What types of collaborations are you engaged in across campus (and beyond)?

I love collaborative research — it’s always more fun to do research with a group than by yourself. Perhaps one of the most exciting times for me at Northwestern was when Daniela Ladner joined the transplant group and established NUTORC. This brought together clinical and non-clinical researchers to solve problems relevant to transplant. The initial presentations were incredibly exciting and engaging and led to a number of projected, including a NIH-funded study to optimize education about donor risk. My research has been inherently collaborative. There is nearly nothing I am working on that I can do myself; the infrequent infections and unique populations I study required a team effort. Several years ago, we began putting two collaborations together, one focused on our norovirus study and another focused on influenza vaccination in the transplant populations. Both brought transplant infectious disease leaders from some of the largest transplant programs together to solve common problems and each garnered NIH funding. They also set up platforms for future studies that are now in the planning stages.

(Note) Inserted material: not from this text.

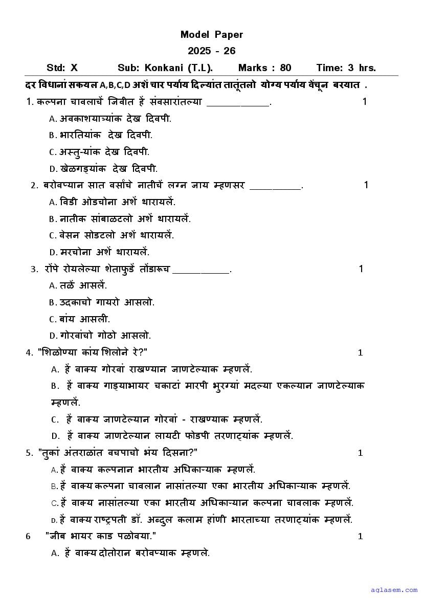 The Goa Board Model Paper for SSC (Class 10) Konkani is as follows.

2020 has been a challenging but exciting year in terms of collaborations. Due to ongoing work on COVID-19, I’ve had the chance to interact with a superstar group in Infectious Diseases (Judd Hultquist, Lacy Simons, Ramon Lorenzo Redondo and Egon Ozer) who have led efforts to identify variants as they emerge in Chicago and truly made the COVID-19 Biobank happen. I have also worked with researchers in nephrology, cardiology and immunology to understand the impact of COVID-19 on humoral response and outcomes of COVID-19.

I was also lucky to be asked to lead the NUCATS Center for Clinical Research, which has resulted in a significant expansion of collaborations across campus. What is has shown is how many incredible resources are out there for clinical researchers to leverage to optimize their research. I’ve met and begun working with a huge number of people who I hadn’t work with previously. It’s been exciting to learn and build innovative ways to improve recruitment and retention of subjects, to engage a larger pool of potential subjects and, most importantly, move our research beyond the confines of NMH.

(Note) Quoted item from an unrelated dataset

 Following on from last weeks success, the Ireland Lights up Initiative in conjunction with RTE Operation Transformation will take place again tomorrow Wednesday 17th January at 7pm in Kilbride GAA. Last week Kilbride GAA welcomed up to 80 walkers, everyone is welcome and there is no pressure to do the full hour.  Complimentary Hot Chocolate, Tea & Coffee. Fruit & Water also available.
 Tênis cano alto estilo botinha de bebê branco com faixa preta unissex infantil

How is your research funded?

My research is funded through a number of approaches. Our current norovirus project and our influenza vaccine studies are funded by the NIH, as have several prior projects. I have worked with a range of pharmaceutical companies to perform clinical trials, including several as the lead investigator that helped to design and implement large multi-national research studies. Some of my most interesting research has been funded by the hard work of summer students, residents and fellows. These projects significantly advanced our epidemiologic understanding of critical infections such as norovirus, influenza, respiratory syncytial virus and parainfluenza virus. This data has been used by the interagency working group on endpoints of influenza antiviral studies and to inform NIH-funded studies.

Where has your work been published?

The past year has resulted in several high impact publications. The CAPSTONE-2 study that expanded the indication of baloxvir was recently published in Lancet Infectious Diseases. A summary of 10 years of experience with the organ vigilance system was published in American Journal of Transplantation. We also published a five-year experience on what we’ve learned about optimal screening of candidates and recipients of lung transplant to prevent development of Ureaplasma-associated hyperammonemia syndrome in Clinical Infectious Diseases. We’ve also had great team science published this year related to COVID-19 clades in Chicago in >EBioMedicine.